That possibility and its closer proximity to Earth make the Venus-like Gliese 12 b ideal for further study.

“Follow-up observations with [NASA’s James Web Space Telescope] and future ground-based observations with 30-meter class telescopes for transit spectroscopy are expected to determine whether Gliese 12 b has an atmosphere and whether the atmosphere contains molecular components associated with life, such as water vapor, oxygen and carbon dioxide,” said Masayuki Kuzuhara, a project assistant professor of the Astrobiology Center in Japan and lead author of the study detailing the research that led to the discovery of Gliese 12 b.


The research was recently published in The Astrophysical Journal Letters.

The team that made the discovery was led by the Astrobiology Center, University of Tokyo, National Astronomical Observatory of Japan and Tokyo Institute of Technology, which found and characterized the planet based on data from NASA’s Transiting Exoplanet Survey Satellite, two multicolor simultaneous cameras and the three Big Island observatories: Subaru Telescope, Gemini Observatory and W. M. Keck Observatory.
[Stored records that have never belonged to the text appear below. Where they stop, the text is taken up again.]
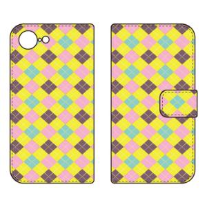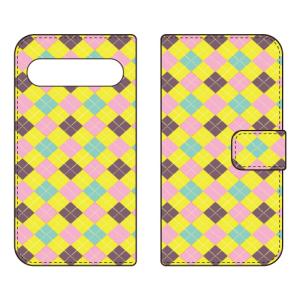 - 手帳型スマホケース チェック柄 (YELLOW×PINK) (受注生産) Cf LTD あんしんファミリースマホ
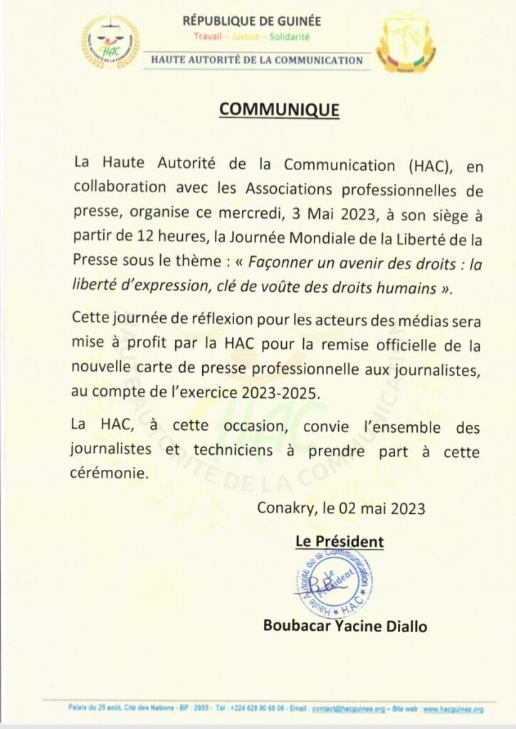 La Haute Autorité de la Communication célébrera demain mercredi 3 mai 2023 à son siège, la journée mondiale de la presse. A cette occasion, elle a à travers un communiqué dont nous avons reçu copie, informée qu’elle organise en collaboration avec les associations de la presse, une jourée de reflexion pour les acteurs des médias.
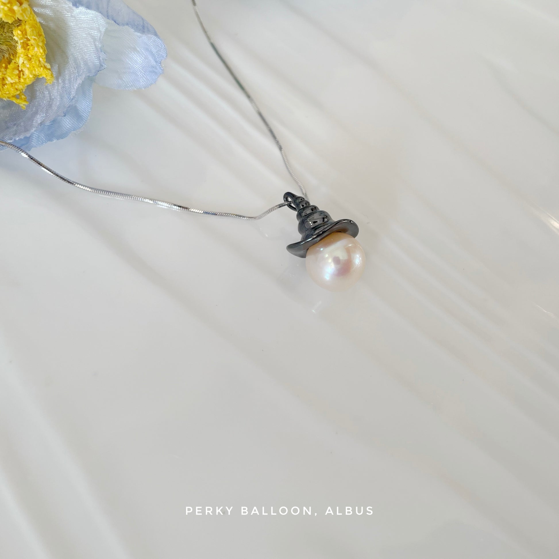 9-10mm近圓淡水珍珠,吊墜為黃銅鍍黑鋼,925純銀頸鏈,可選40或45cm
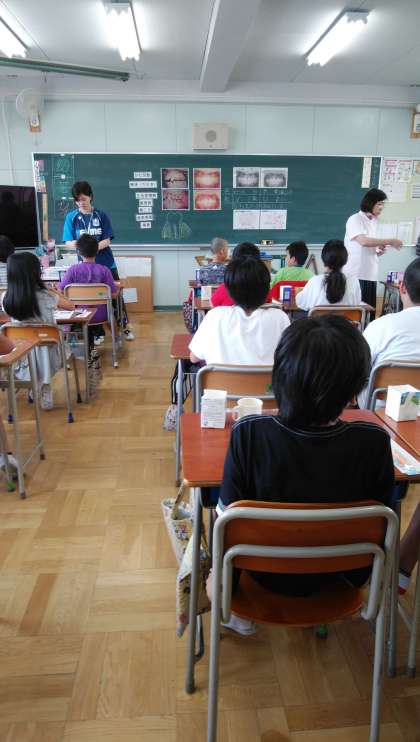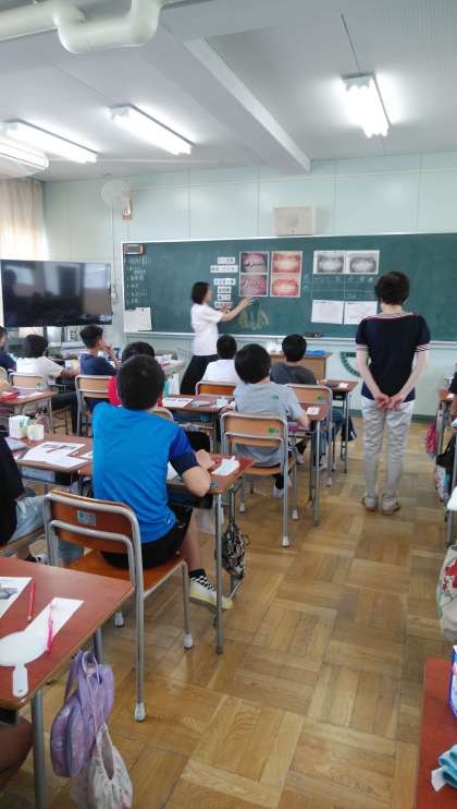 今日は、学校歯科医の岩本先生、歯科衛生士の平中先生に、6年生の「歯・口の健康教室」を行っていただきました。

Subaru’s infrared spectrograph, Keck’s second-generation near-infrared camera and the Gemini North telescope archive were critical in confirming Gliese 12 b was in fact a planet, ruling out the possibility it was the companion to Gliese 12, the cool red dwarf it orbits, in a binary star system.

“What makes this planet interesting is its size,” said Keck Chief Astronomer John O’Meara. “We have very few direct detections of planets we know to be around the size of Venus, even though [we] believe there to be many because the measurement is so difficult.”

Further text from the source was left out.